In the Office of the City Administrative Officer, Verret worked in policy analysis with the Department of Recreation and Parks, under which the Los Angeles Zoo operated until 1997. She continued to work for the city for several decades, and was eventually hired as the first deputy director of the Los Angeles Zoo when it separated from the Department of Recreation and Parks. As deputy director, Verret oversaw all areas of the zoo's proceedings including finance, information technology, human resources, administration, admission and guest relations, public relations, planning and development, education, and interpretive programs. She directed and developed the zoo’s strategic and vision plans in this time, also managing the organization's business and marketing plans.

Verret was serving as interim zoo director when Los Angeles Mayor Eric Garcetti nominated her for the position of director; John Lewis, zoo director, had retired in January 2019. Verret was confirmed to the seat of director of the Los Angeles Zoo on June 28, 2019. She previously served 19 years as deputy director of the zoo, with her career totaling 30 years working for the City of Los Angeles.

As zoo director and CEO, Verret is charged with overseeing the redesign and redevelopment of the zoo’s 133-acre campus. She was zoo director during the January 2025 Southern California wildfires. The LA Zoo closed for nine days but did not sustain any significant fire or wind damage.

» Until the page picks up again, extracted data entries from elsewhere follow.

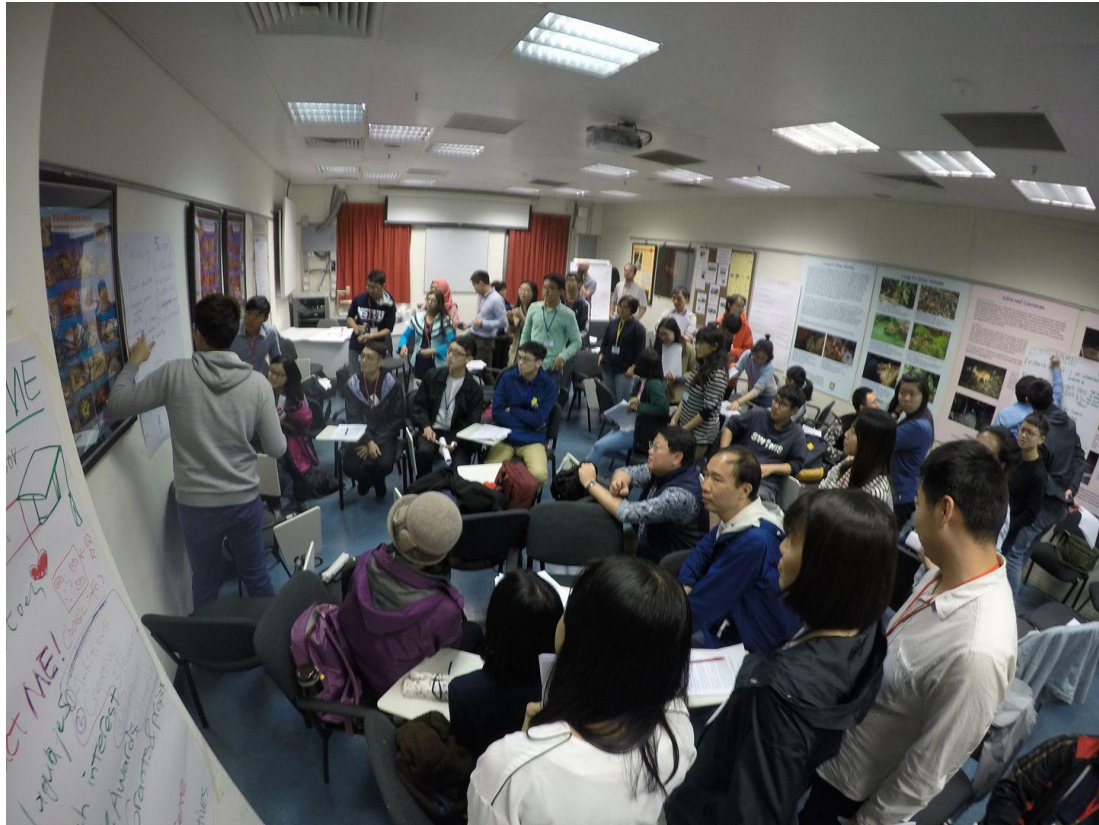
圖一、於香港大學與各參與學員研討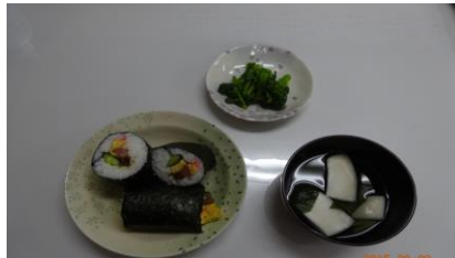
ひので自慢の恵方巻き!!!

2月3日は節分で盛大に豆まきを行いました。昼の食事は恵方巻きを食べ、その後職員扮する鬼を目がけ豆をまいて楽しいひと時を過ごしました。鬼になった職員は当てられた豆の痛みをこらえ名演技でした。節分は一つの節目で、2月4日は立春、待ち通しい春の訪れを皆で感じる日となりました。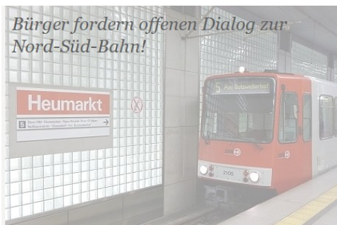
Kaum Interesse für Probleme im Bezirk!

Rodenkirchen. Sind Mittel- und Zeigefinger auf dem Rücken der Kommunalpolitiker gekreuzt, wenn mit der anderen Hand abgestimmt wird? Das Muster ist bekannt: Die Bezirksvertretung Rodenkirchen lehnte z.B. am 31.03.2014 den Neubau einer sechsstöckigen Parkpalette an der Bonner Straße ab. Der Stadtentwicklungsausschuss – zunächst Klärungsbedarf signalisierend (oder sollten die Wähler bei der Kommunalwahl am 25.05.2014 nur nicht verschreckt werden?) – kippte den Ablehnungsbeschluss am 25.09.2014 , und zwar ohne weitere inhaltliche Diskussion.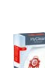
F/J/M HyClean 3D Originalie 'Miele' putekļu maisi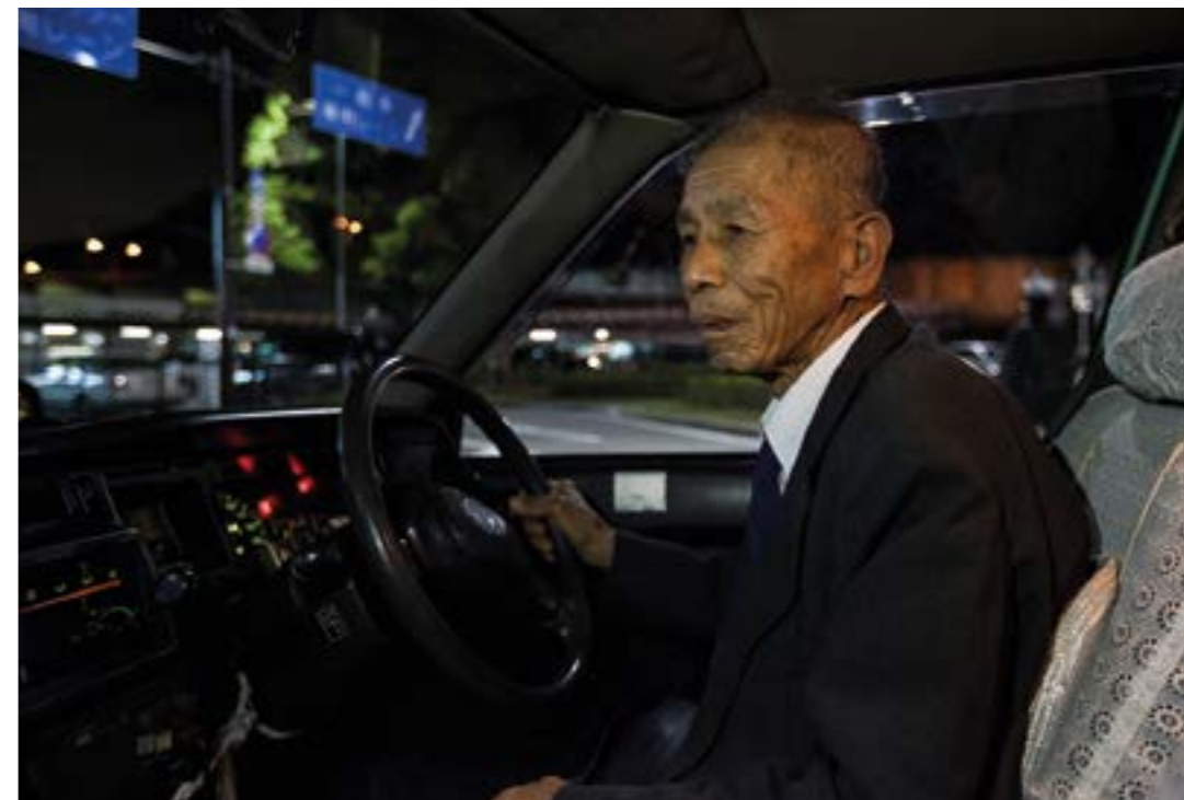
Au Japon, le travail se généralise parmi les personnes âgées de plus de 65 ans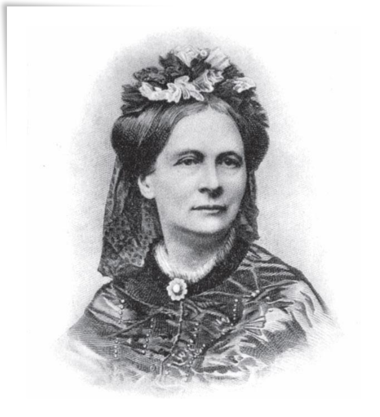
Княгиня Елена Павловна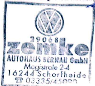
Stempel des Volkswagen Partners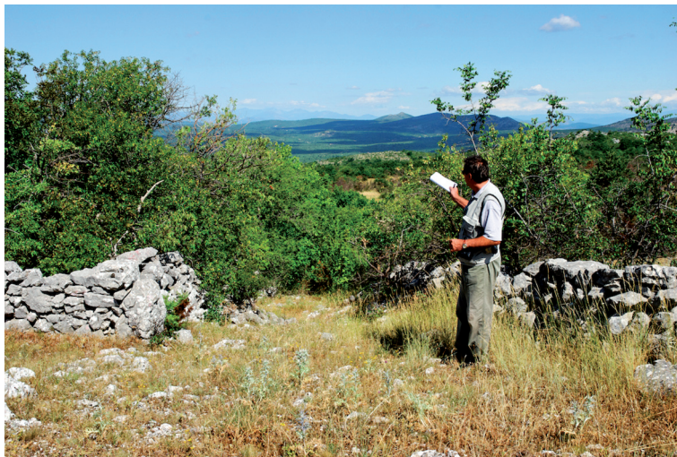
Sl. 22. Izlaz iz Hrasna na Čavašku gradinu

In October 2024, Verret was named the 100th chair of the Association of Zoos and Aquariums (AZA)'s Board of Directors. She is the first Black woman to serve in the role. She was previously elected to a three-year director term on the AZA board before being selected to serve on its executive committee. Verret has stated that her focus as board chair will be "ensuring that [the AZA continues] to evolve for the next 100 years." She also serves as a zoo accreditation inspector for the AZA.